▶ Records shown:
((

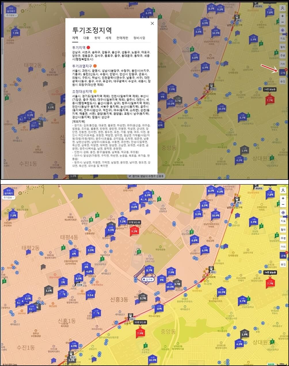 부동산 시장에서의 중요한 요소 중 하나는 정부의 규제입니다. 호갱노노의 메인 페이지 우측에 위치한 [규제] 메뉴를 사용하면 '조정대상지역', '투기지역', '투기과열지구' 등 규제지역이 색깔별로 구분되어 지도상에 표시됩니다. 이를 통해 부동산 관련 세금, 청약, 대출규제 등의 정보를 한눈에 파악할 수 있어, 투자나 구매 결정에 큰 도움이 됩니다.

))
((

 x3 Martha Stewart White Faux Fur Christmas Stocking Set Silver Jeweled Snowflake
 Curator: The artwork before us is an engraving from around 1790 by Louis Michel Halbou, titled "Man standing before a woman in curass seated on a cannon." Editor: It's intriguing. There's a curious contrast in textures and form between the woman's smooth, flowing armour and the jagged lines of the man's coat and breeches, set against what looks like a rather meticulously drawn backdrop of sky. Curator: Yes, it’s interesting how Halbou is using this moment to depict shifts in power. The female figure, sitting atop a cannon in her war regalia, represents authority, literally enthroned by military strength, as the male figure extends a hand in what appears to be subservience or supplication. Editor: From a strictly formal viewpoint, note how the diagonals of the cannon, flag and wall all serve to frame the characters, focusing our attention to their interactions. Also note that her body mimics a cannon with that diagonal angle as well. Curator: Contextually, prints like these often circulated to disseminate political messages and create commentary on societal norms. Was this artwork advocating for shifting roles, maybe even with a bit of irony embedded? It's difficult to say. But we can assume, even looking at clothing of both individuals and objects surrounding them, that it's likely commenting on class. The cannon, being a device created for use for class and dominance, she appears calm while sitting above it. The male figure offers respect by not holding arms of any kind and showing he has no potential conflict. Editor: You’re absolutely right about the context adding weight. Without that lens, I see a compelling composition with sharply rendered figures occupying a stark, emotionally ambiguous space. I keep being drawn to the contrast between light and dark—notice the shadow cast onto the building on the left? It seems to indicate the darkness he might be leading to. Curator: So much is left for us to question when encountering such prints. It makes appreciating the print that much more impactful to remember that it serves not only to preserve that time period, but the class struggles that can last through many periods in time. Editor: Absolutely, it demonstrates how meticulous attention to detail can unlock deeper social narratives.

))
((

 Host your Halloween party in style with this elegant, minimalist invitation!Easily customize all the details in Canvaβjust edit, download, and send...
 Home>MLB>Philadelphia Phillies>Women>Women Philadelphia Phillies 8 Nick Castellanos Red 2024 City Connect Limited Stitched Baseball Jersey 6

))

▶ Work item: Could you return exactly the lines above from the line with "Host your Halloween" to the line with "Home>MLB>Philadelphia Phillies>Women>Women Philadelphia", both included, and nothing else?

▶ Task answer:
 Host your Halloween party in style with this elegant, minimalist invitation!Easily customize all the details in Canvaβjust edit, download, and send...
 Home>MLB>Philadelphia Phillies>Women>Women Philadelphia Phillies 8 Nick Castellanos Red 2024 City Connect Limited Stitched Baseball Jersey 6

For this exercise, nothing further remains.